ABOUT THIS EXERCISE: Your job is to give again, exactly and with no additions, the lines in the records below from the one with "学院2018级博士研究生肖迪" through the one with "Sandouville (76), France.", both included. Omit the pictures.

RECORDS FOR THE EXERCISE below:

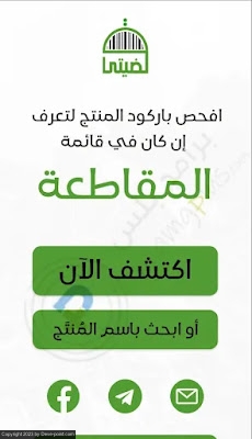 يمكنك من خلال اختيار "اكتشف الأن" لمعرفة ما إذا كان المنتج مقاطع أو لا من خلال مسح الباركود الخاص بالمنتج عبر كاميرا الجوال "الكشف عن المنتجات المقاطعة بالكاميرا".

End of RECORDS FOR THE EXERCISE.
RECORDS FOR THE EXERCISE below:

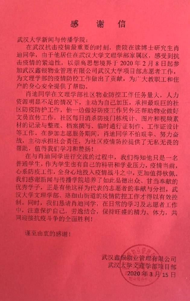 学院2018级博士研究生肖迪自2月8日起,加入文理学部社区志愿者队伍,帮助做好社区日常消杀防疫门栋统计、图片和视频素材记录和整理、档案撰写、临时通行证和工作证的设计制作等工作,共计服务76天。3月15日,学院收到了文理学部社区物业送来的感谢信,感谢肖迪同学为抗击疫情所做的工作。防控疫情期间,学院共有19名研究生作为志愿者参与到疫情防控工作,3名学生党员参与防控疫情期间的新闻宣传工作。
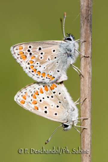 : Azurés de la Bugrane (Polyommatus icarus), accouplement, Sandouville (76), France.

End of RECORDS FOR THE EXERCISE.
RECORDS FOR THE EXERCISE below:

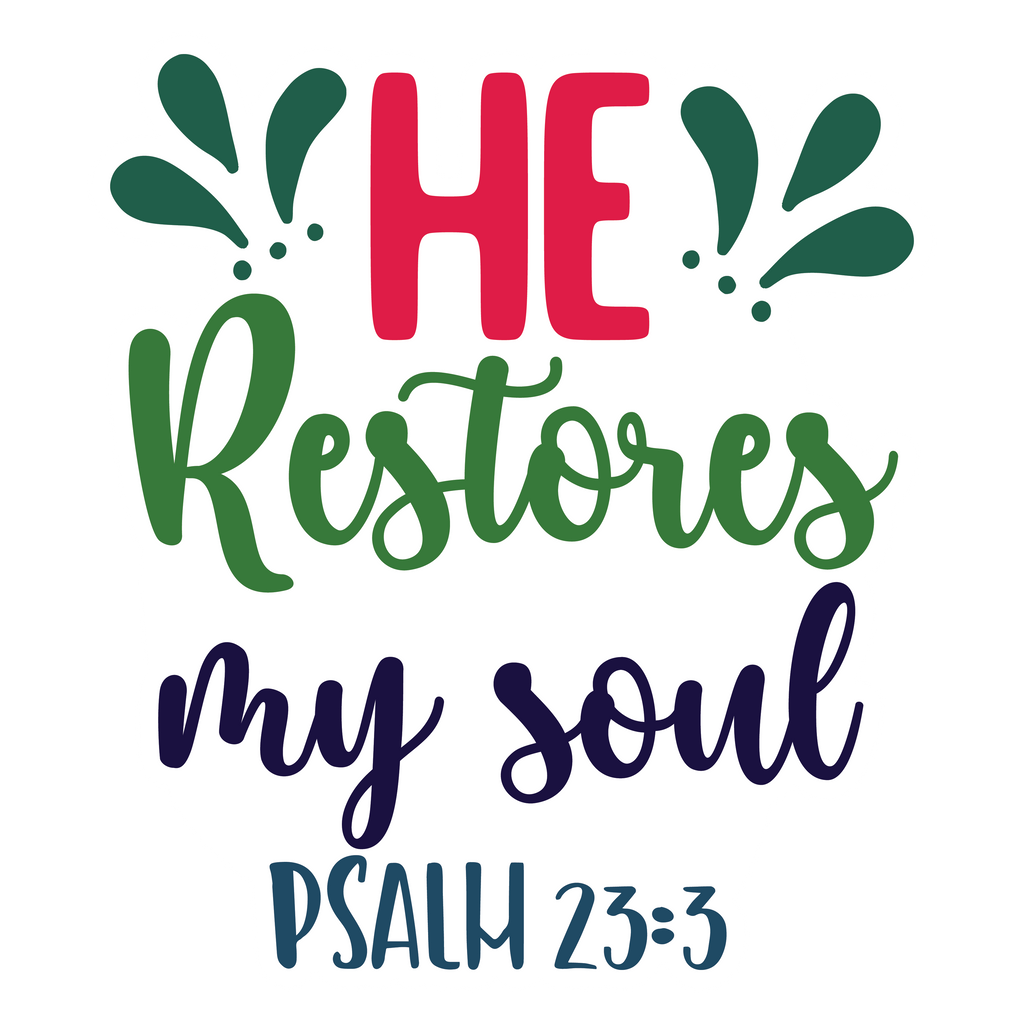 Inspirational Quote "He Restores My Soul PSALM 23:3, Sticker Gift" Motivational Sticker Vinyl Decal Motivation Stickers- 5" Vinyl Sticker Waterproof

End of RECORDS FOR THE EXERCISE.

RESULT OF THIS TASK:
 学院2018级博士研究生肖迪自2月8日起,加入文理学部社区志愿者队伍,帮助做好社区日常消杀防疫门栋统计、图片和视频素材记录和整理、档案撰写、临时通行证和工作证的设计制作等工作,共计服务76天。3月15日,学院收到了文理学部社区物业送来的感谢信,感谢肖迪同学为抗击疫情所做的工作。防控疫情期间,学院共有19名研究生作为志愿者参与到疫情防控工作,3名学生党员参与防控疫情期间的新闻宣传工作。
 : Azurés de la Bugrane (Polyommatus icarus), accouplement, Sandouville (76), France.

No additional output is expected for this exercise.